The country's output plunged an annualised 6.8 per cent in the second quarter from the previous three months, according to the Cabinet Office's preliminary reading. The decline, which stock market investors had expected and therefore largely ignored, was a direct consequence of the April 1 rise in Japan's sales tax, the first since 1997. Raising the levy by three percentage points prompted households to curb spending by a massive 19 per cent.
But for Prime Minister Shinzo Abe, taking a temporary hit on private demand is an acceptable cost of mending the nation's public finances. The government's debt load, which the International Monetary Fund says will rise to 245 per cent of GDP by 2019, makes it crucial for Abe to press on with fiscal correction.
Abe has the scope to go beyond a scheduled second increase in the sales tax next year. That's because austerity in Japan is unlikely to be the kind of self-defeating exercise that it has proved to be in Europe. For one, even though real output took a big hit, prices of everything rose a little bit because of the additional levy; nominal GDP barely fell in the second quarter. In other words, fiscal retrenchment is unlikely to worsen the government's debt-to-GDP ratio.

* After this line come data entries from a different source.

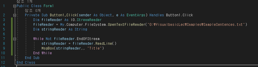 이번 시간엔 비주얼베이직에서 파일을 삭제하는 방법에 대해 알아보겠습니다. 예시 코드입니다. 중요 메서드는 My.Computer.FileSystem의 DeleteFile메서드입니다. 삭제를 원하는 경로를 인자로 전달하면 됩니다. 바로 시작해보겠습니다. 1. 우선 샘플파일을 만들어주고요, test1.txt 를 만들었습니다. 2. 버튼 하나 있는 폼을 만들어주시면 됩니다. 3. 그리고 예제코드와 같이 입력하신 후 실행해보시면 DeleteFile의 메서드로 입력하신 경로의 파일이 삭제되는걸 보실 수 있습니다.
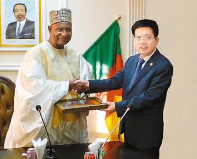 陜西建工集團(tuán)黨委書記、董事長、總經(jīng)理張義光(右)拜會(huì)喀麥隆旅游部長貝洛?布巴?邁加里先生(藺進(jìn)士 攝)
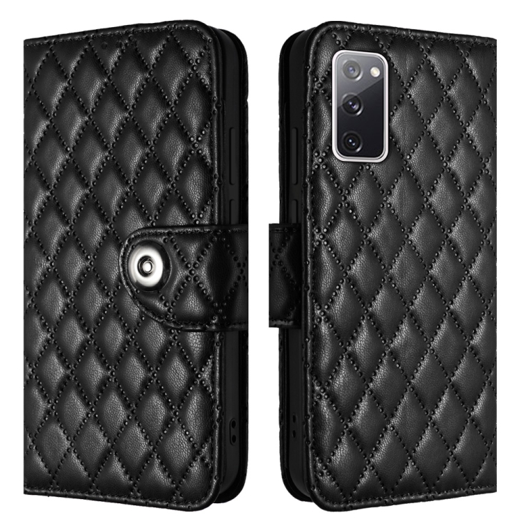 Funda para Teléfono Samsung Galaxy S20 FE Tapa de Cuero Textura Rómbica Cordón (Negro)
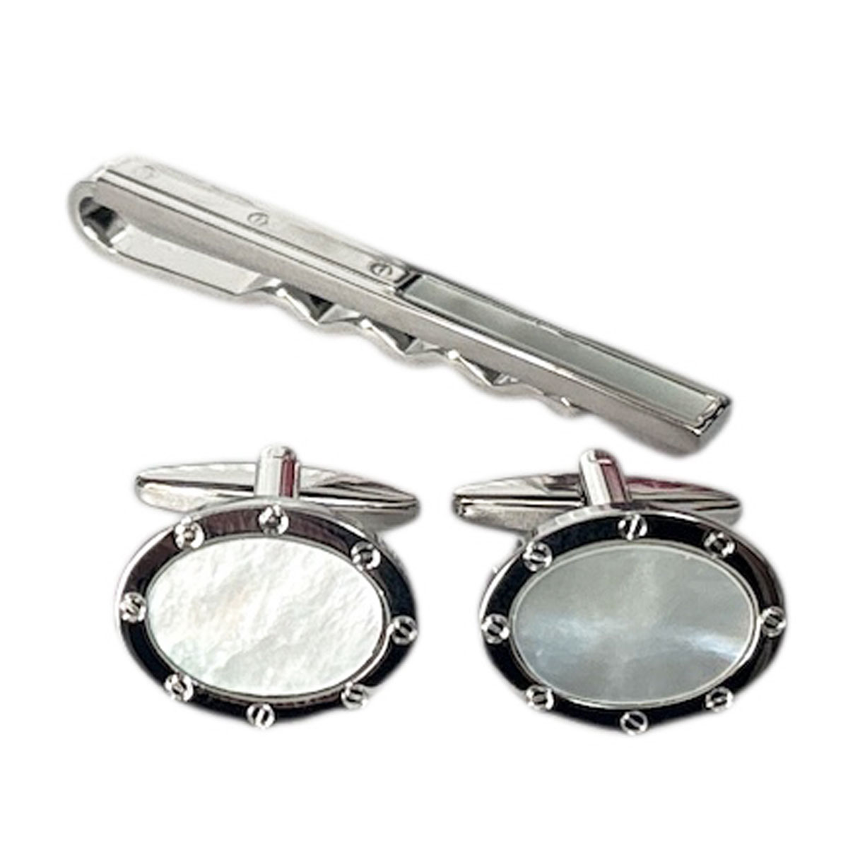 2本のブラックラインを施したスタイリッシュなネクタイピンと 同じく2本のラインの入ったカフスのセット。 シンプルだけどシーンを選ばず使えます。
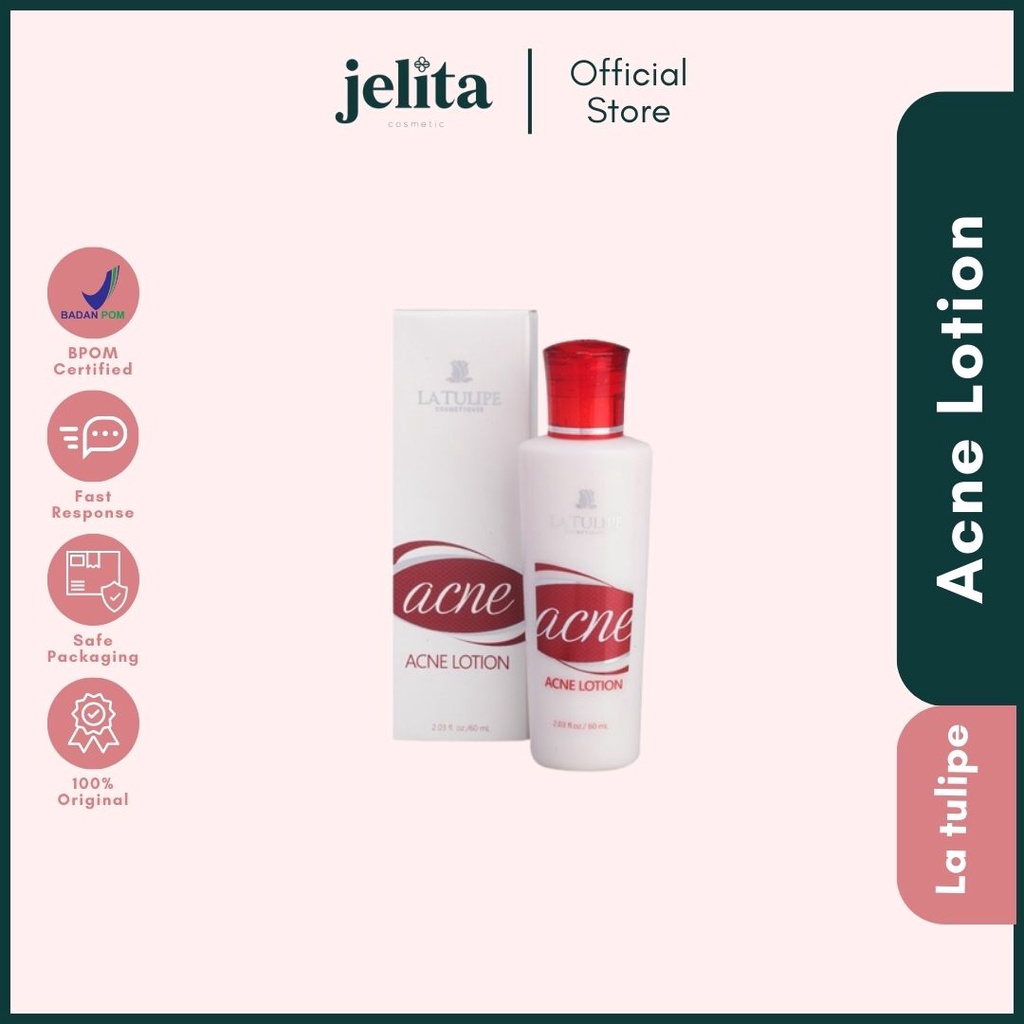 La Tulipe Acne Lotion Mengandung bahan pengelupas (bahan-bahan keratolitik: sulfur untuk antiseptik ringan & salicylic acid).
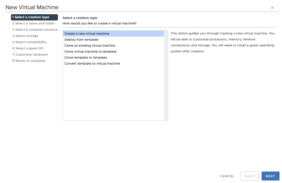 - в мастере создания ВМ выбрать пункт «Create a new virtual machine» и нажать экранную кнопку [NEXT];

Besides, the chilling effects of the tax increase may already be thawing. A purchasing managers' survey showed that manufacturing activity expanded for a second straight month in July. With wages, consumer spending, housing starts and bank lending also improving, the Breakingviews Abenomics Index in June rose to its highest level in 13 years. Abe has bitten the fiscal bullet - and early indications are that the Japanese economy has survived the shock. But if further tax increases threaten to choke activity and turn deflationary, the Bank of Japan can rush to the rescue with more monetary medicine. For now, though, the central bank can afford to wait, and let Abe deliver on his promised reforms. If those take hold, the economy can take even harsher austerity in its stride.